This post was originally published on this site


March 04, 2015

When animating on the web, do you use a transition or an animation? There are times when you would want to choose one over the other. Let’s discuss the differences.

What are Transitions?

A transition occurs when an element changes from one state to another, and the browser fills in that state change with a sequence of in-between frames. It has a beginning and an end state.

We most often see transitions used on hover states, or when information on a page is added or removed. The hover states might be a subtle change in font color, and information on the page might fade from invisible to visible.

Since transitions are limited to these two stages, they can lack the nuance of animations but at the same time be easier to use.

When to use them

If you want to change an element from one state to another smoothly, a transition is a good choice. Simple changes can usually be handled with transitions and timing functions can be used to customize the way the transition occurs.

A transition would work well when someone hovers or taps a button:

Or when an item is added to a page:

  • A list item
  • A list item

What are Animations?

CSS Animations are a more powerful alternative to transitions. Rather than rely on a change from one beginning state to an end state, animations can be made up of as many in-between states as you like, and offer more control over how the states are animated.

Where a transition only goes from A to B, an animation can go from A, B, C to D. Or any number of stages as needed.

Animations achieve this by using sets of keyframes.
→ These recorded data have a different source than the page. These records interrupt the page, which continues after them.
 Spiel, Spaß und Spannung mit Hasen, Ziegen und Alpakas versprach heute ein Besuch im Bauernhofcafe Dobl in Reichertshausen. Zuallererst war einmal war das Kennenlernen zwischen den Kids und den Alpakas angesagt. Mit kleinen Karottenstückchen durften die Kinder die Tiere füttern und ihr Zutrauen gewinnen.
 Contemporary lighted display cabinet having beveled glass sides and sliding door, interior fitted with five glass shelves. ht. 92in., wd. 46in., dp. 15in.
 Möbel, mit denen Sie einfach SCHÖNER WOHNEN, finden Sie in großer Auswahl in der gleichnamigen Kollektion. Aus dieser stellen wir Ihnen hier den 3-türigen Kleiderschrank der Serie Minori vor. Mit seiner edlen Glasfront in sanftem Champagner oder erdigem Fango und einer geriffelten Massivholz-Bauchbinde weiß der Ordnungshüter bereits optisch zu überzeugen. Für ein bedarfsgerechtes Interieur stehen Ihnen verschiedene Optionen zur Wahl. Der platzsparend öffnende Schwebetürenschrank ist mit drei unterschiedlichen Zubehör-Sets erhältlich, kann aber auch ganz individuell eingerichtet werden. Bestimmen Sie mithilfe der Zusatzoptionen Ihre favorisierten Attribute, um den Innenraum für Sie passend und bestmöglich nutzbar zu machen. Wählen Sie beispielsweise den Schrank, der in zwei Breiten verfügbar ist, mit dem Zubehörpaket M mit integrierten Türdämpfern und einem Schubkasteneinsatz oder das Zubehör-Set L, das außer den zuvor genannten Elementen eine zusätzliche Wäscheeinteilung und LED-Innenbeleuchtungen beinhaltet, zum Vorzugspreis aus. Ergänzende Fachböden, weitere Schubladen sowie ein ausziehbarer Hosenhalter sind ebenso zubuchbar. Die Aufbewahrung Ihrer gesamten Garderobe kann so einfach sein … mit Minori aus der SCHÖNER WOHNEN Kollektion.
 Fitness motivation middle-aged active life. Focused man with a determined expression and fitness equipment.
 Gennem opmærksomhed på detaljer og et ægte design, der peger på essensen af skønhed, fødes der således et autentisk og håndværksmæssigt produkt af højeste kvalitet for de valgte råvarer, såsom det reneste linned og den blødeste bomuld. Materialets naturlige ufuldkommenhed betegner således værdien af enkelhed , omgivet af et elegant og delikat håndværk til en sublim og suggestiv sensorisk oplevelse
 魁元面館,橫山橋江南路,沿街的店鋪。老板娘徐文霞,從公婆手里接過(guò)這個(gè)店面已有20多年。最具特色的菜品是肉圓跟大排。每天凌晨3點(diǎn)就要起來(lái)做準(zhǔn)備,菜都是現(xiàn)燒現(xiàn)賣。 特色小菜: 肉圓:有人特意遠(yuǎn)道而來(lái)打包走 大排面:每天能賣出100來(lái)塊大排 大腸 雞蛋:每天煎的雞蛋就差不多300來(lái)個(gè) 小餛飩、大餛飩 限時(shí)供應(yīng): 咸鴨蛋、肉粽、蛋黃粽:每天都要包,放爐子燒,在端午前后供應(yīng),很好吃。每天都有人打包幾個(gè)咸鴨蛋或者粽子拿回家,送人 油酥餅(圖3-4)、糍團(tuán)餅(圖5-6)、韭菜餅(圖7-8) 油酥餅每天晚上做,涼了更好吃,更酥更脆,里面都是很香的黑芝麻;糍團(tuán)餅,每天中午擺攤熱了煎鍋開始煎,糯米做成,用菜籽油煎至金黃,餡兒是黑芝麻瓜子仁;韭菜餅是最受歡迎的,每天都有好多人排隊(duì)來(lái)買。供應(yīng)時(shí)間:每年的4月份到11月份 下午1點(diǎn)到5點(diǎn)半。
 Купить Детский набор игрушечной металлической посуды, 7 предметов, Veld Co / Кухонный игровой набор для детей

Where a transition can be specified with one line in the class, an animation works by referencing a set of keyframes that are described separately in the CSS.

When to use them

If an animation needs to run when the page loads, or is more complex than a simple A to B state change, a CSS animation might be more appropriate.

Examples of this might be if you want to have an animation on the page that plays after a certain amount of time, like this blink effect on this Baymax character:

An animation might also be a good choice if an item has to move across multiple places on the page, such as an instruction overlay with a mouse cursor point out various areas of interest on a screen.
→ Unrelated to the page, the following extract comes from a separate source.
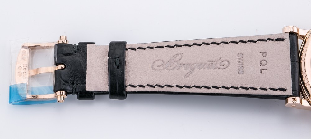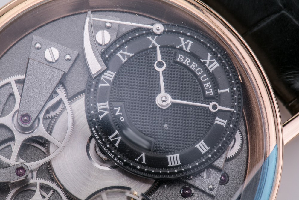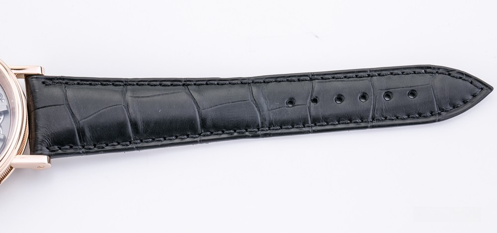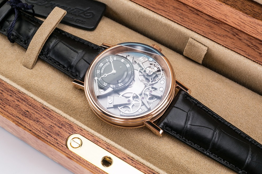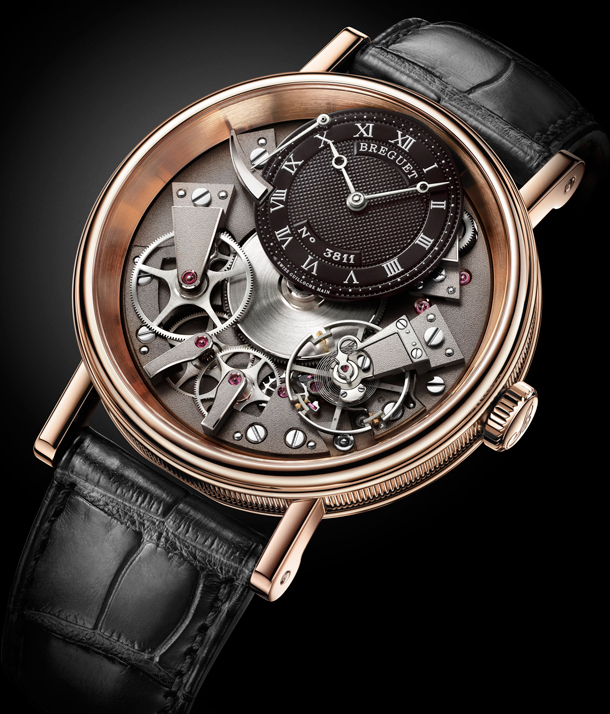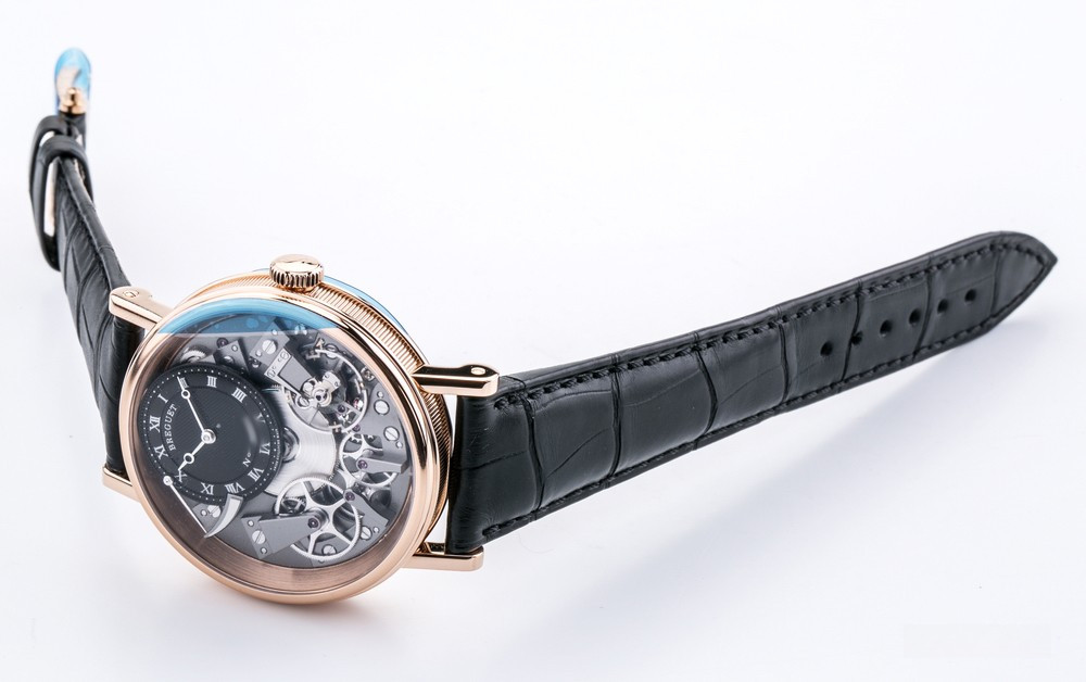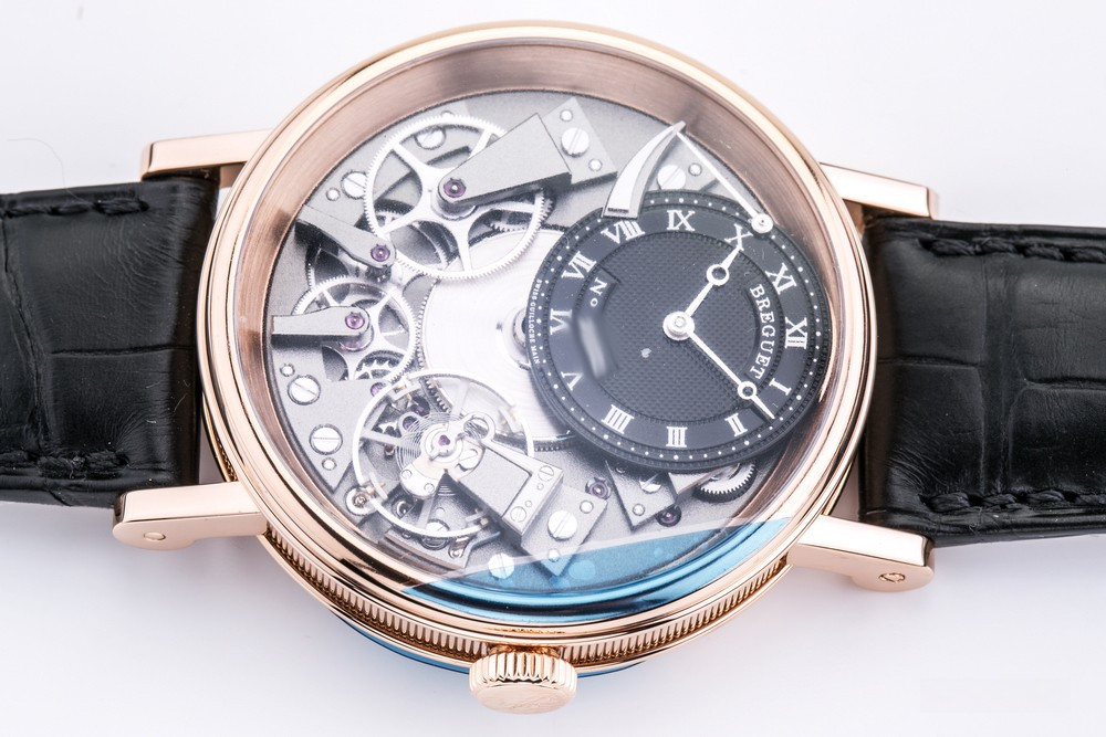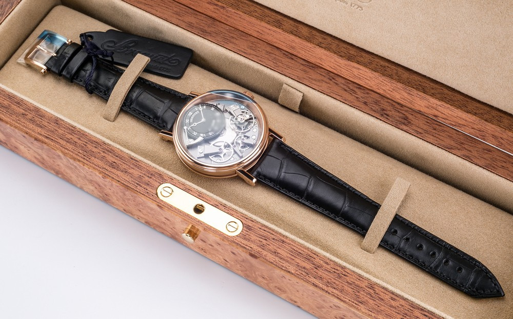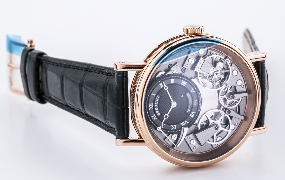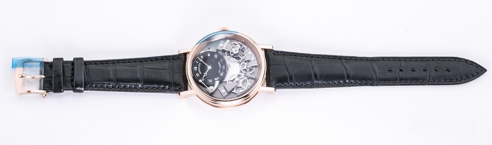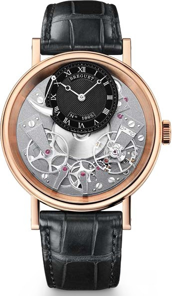 Breguet La Tradition - это сочетание многолетних традиций и нового дизайна. Союз классического циферблата и матового открытого механизма делают часы Tradition уникальными и не похожим на другие произведения часового искусства. Корпус часов сделан из розового золота 18 карат, черный циферблат гильоширован вручную. На передней и задней части часов установлено сапфировое стекло. Защита от воды стандартная для классических часов и составляет 30 метров. Внутри корпуса размером 40 x 11.65 мм заключен механизм с ручным заводом 507DR и запасом хода 50 часов. Часы комплектуются черым ремешком из кожи аллигатора с застежкой из розового золота 18к.

Sometimes it’s not obvious

A recent post began as an animation, but then became a case for transitions.

When I began designing this clock, I had the hands move continuously on load. This was a good case for using the animation property. It was to animate on load and continue forever. When I started adding more complexity, I found it made more sense to have the hands’ angles set using JavaScript.

As the hands were being moved by JavaScript, transitions became a better choice. When the JavaScript changes the angle of a hand, the CSS transition handles the change (from state A to state B) more elegantly than an animation would.

Check out this CSS clock tutorial for more detail.

In summary

Transitions for creating a smooth transition from one state to another, and animations for more complex series of movements.

Transitions are generally easier to create and manage, and apply to the majority of situations. If you need more control over animating an element through a series of steps, or if the animation needs to begin on load, then an animation with keyframes might be the better choice.